I have a partner aged 53 and a 14 yr old step son who does not live with us but has set days of Tues and Sat. Partner has hugh guilt issue over the fact that he has a son from a failed relationship and is overly obsessive about his son. SS mum is overly possesive too and I see a tug of war over who does most/is best parent etc etc. Since we have been together I have improved my partners relationship with his son ten fold. Together we do more than partner and my ss have ever done and I am a strong rod for my partner. Last night ss had his MMR jab at the drs. SS is very soft and faints if he hurts himself ie: bang on head, trapped finger in car door, nick on ear at barbers,I think alot of it is attention seeking maybe from when he was younger but has continued into his teens...So both parents took him to the docs for the injection which I said was unnecessary at 14 and they should try to stop treating him as if he was 7, I said one parent is enough for the support ss needs, but neither parent would allow him to go with the other. Anyway over an hour and half later they came home. SS was fine although he had fainted/had fit as per usual when he saw the needle. When I asked why they had been so long partner said "they" (all 3 of them) had been to my partners mum and dads for cup of tea. I was absolutely furious and said I'm waiting at home for you two worried that ss is ok and you are playing happy families....how hurtful is that? Ex partner yanks his chain all the time over their son,what she says goes and I have held my partner when he has cried over something she has done and talked for hours when he is down...He just shouted and said it was all about (son) and I had to deal with it. I am a parent of a lovely successful 22 year old daughter who also unfortunately came from a failed marriage but we handled everything well and I feel that I do have the right to express my opinion. But my partners obsession is ruining us.
Could you encourage your DSS to have a friend round at some point? As a rather young 14 year old, he might be still just about be of an age that you can get away with arranging this through parents - and if your DP's on good terms with his ex, this should help as she can probably provide a suggestion and phone number. Or alternatively encourage DSS directly to invite someone over. Offer to run them there and back if necessary.
I doubt your DSS does behave quite as immaturely when he's with his friends, and it would probably be good for your DP to see him relating to other teenage boys and help him realise his DS is growing up.

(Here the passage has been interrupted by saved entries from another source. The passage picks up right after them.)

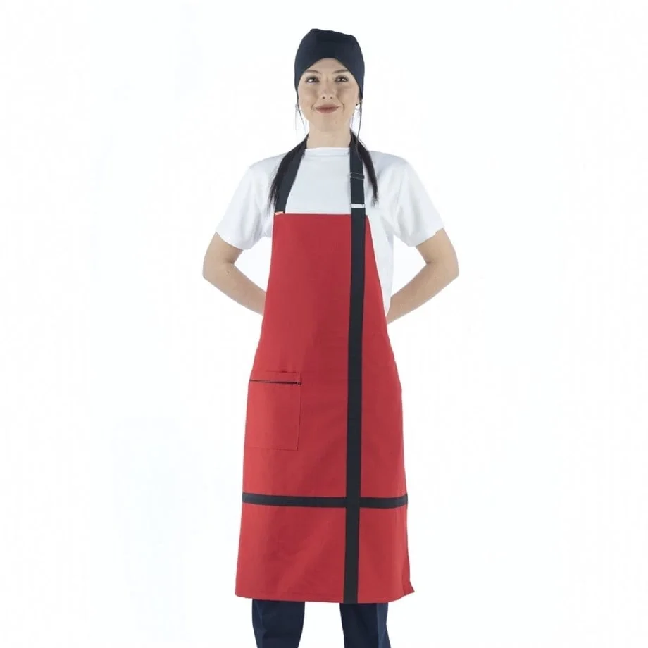 Barista Askılı Önlük Tek Cepli Deri Kemerli - Bordo
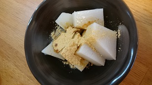 くずもちは弾力があって、きなこと黒みつがいい感じで
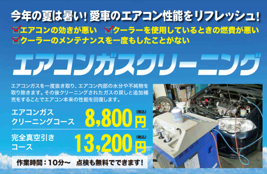 エアコンの効きが気になる方必見!!エアコンガスのメンテナンス行っております!!
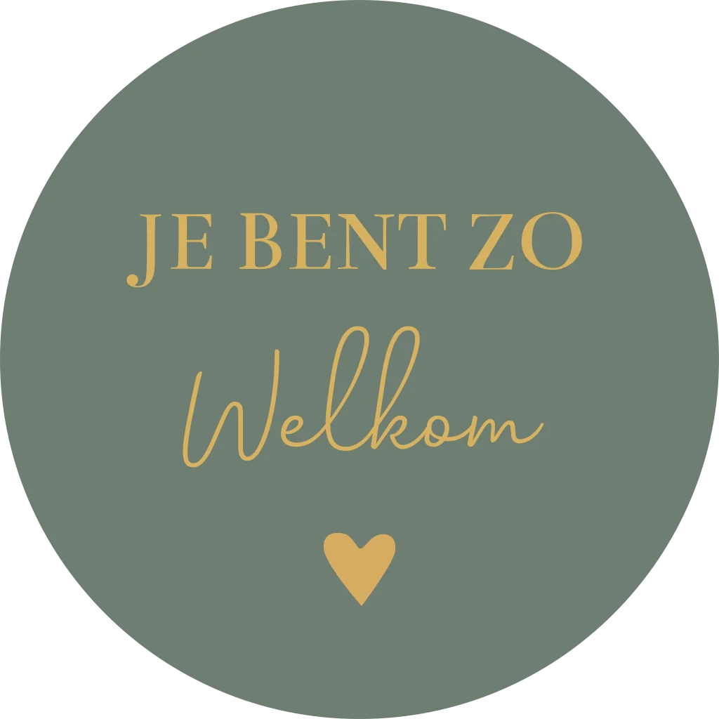 Ontwerp je eigen sluitsticker voor op de envelop in de stijl van het geboortekaartje! Op deze groene sticker staat de tekst: Jij bent zo welkom. Pas de sticker zelf naar wens aan.
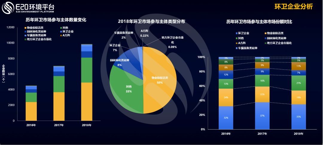 從環(huán)衛(wèi)市場(chǎng)參與主體來看,根據(jù)E20環(huán)境平臺(tái)E標(biāo)通統(tǒng)計(jì)顯示,近三年來,參與環(huán)衛(wèi)市場(chǎng)化項(xiàng)目爭奪的環(huán)衛(wèi)企業(yè)從五千家漲到了一萬家,參與主體大幅擴(kuò)增導(dǎo)致行業(yè)集中度未出現(xiàn)增長。(相關(guān)鏈接→ 5000+企業(yè)進(jìn)軍環(huán)衛(wèi)市場(chǎng) 環(huán)衛(wèi)一體化讓企業(yè)“腦洞”大開)E20研究院數(shù)據(jù)中心對(duì)環(huán)衛(wèi)企業(yè)進(jìn)行了企業(yè)原有業(yè)務(wù)來源分析可以看出,從事物業(yè)保潔、園林綠化等多種企業(yè)紛紛布局環(huán)衛(wèi)業(yè)務(wù)。在上圖右側(cè)特別值得注意的是:來自垃圾焚燒A方陣的部分投資運(yùn)營企業(yè)已進(jìn)入環(huán)衛(wèi),在前年8%的市場(chǎng)規(guī)模占比,在今年已經(jīng)上漲到11%,在進(jìn)入企業(yè)大擴(kuò)容的基礎(chǔ)上其份額反而逆勢(shì)穩(wěn)健提高,說明我們這些垃圾焚燒影響力企業(yè)的市場(chǎng)沖擊力何等之大。

I share you pain with holiday plans - I've book us an exciting package deal this summer and hear nothing but moans from DSS (14) that I have to struggle not to shout at him that we'll leave him behind and take some poor child that's never had a foreign holiday instead! Best option is practice is to walk out the room and not listen to his moans. But that's my DSS, not my DP doing the moaning. I don't think I'd take it from DP!
Any chance you could not mention the stuff that bugs you to either of them just when you do stuff together try and big up independence skill related things not in a obvious way just try and focus on getting him to want to enjoy stuff that does not involve the adults doing things for him?
Start with pleasurable things until he learns he can enjoy them chances are he will start to gain a bit of independence by himself.
Oh but leave off the criticising the goodnight kiss thing nothing wrong with it if the child is comfortable with it.
My DD is 22, lives with her partner and works in Business Development. There is a lifetime between them. She is fond of my DP and DS and visa versa. So no, I don't compare them. I never have and I never will.....
As for bullying. There are certainly no issues we are aware of. He seems happy to attend ( well as much as any other teenager) and school reports are fairly good.